URTH
  FIND in
<--prev V207 next-->
Date: Fri, 12 Jul 2002 10:51:04 -0500
From: "Charles Reed" 
Subject: Re: (urth) Suicide & Despair

But why would fighting to protect himself drive Silk to despair?  He killed the
Talus and although he felt guilty about it, he didn't despair.  He smacked Musk
a wrapping good blow with his cane and apparently didn't feel all that bad
about it (although he didn't kill Musk).  He sliced Blood in two with his azoth
and didn't fall into despair.  In fact, the only time I can remember Silk
really losing himself in despair is the scene where he and Horn are on top of
the Trivigaunti airship.  I've never really been sure of my reading of that
scene, but it always seemed to me that his despair rose up out seeing the many
and casual ways in which people deceive and hurt one another.  I believe he
told Horn that he had been focusing on all the evil that other people do to
each other instead of focusing on the evil in his own heart, and that this
misdirected and misguided focus is what led him to despair.

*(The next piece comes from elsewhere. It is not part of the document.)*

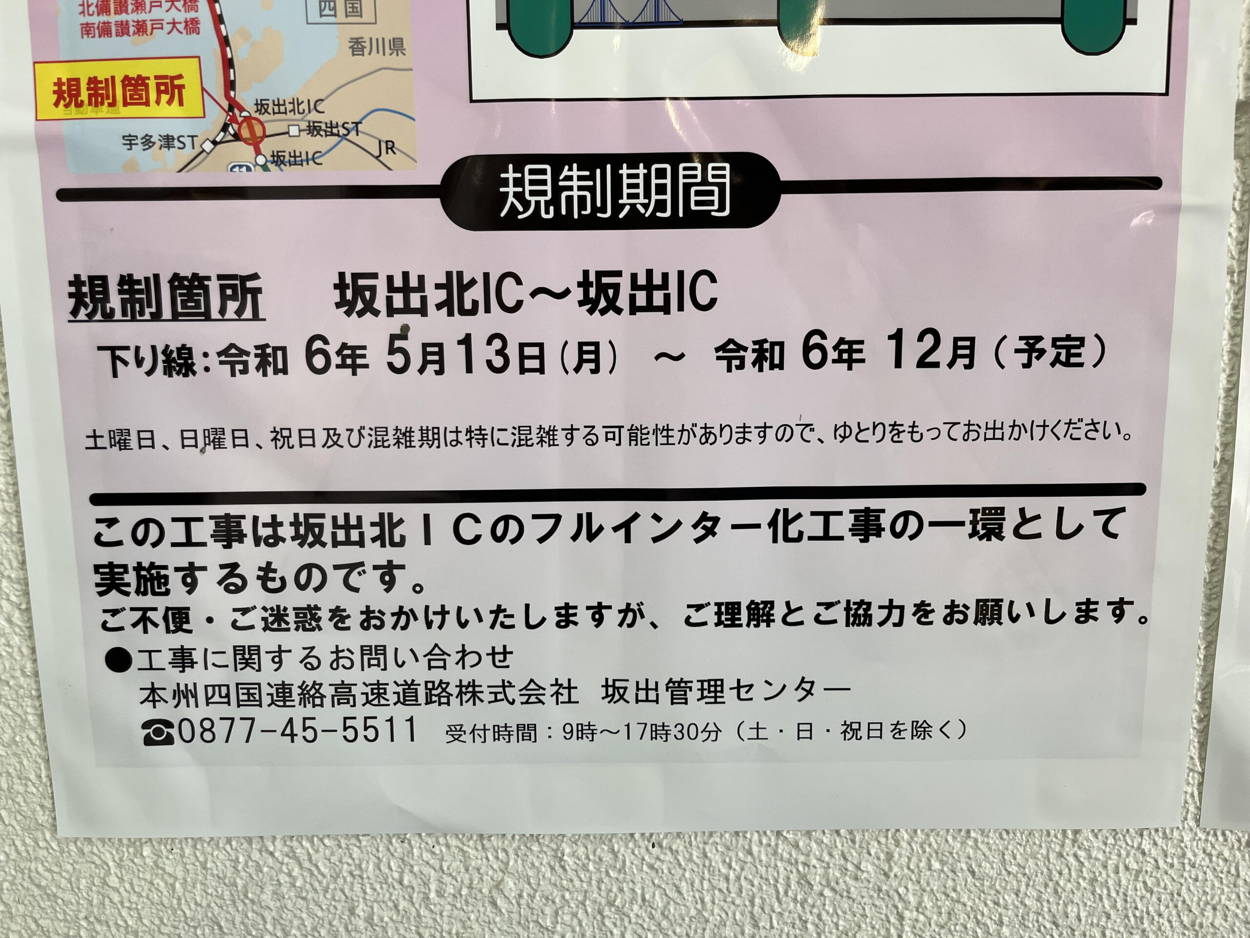 現在は坂出北ICは瀬戸大橋を渡るだけの為にあるんですよね。ワタクシも坂出北ICから高松方面にいけたらなぁって思ったことが何度もあります。坂出ICまで行かないと高松やその他の四国方面には行けないので、これが地味~にめんどくさいんですよね。フルインター化でどちらにも行けるようになるのはとても便利になるので、これくらいの期間の工事は我慢しましょうか。

I know that was "twenty years ago" and that perhaps Silk has become more
hyper-sensitive to violence in the intervening years, but I just can't buy into
the notion that his despair springs from his having defended Hyacinth or
himself from some attacker.  The only way I could see this happening is if it
was Hyacinth herself whom Silk had killed, but I don't believe that could have
happened either.  If I remember correctly (sorry, I don't have my books with
me) Hyacinth was already in her coffin when Horn's consciousness was
transferred into Silk's body, which I take to mean (given the relative
isolation of their house) that they had known for some time that Hyacinth was
ill, and that they were prepared for it when it came.  Perhaps Silk even built
the coffin himself (like they did in Faulkner's creepy novel, AS I LAY DYING).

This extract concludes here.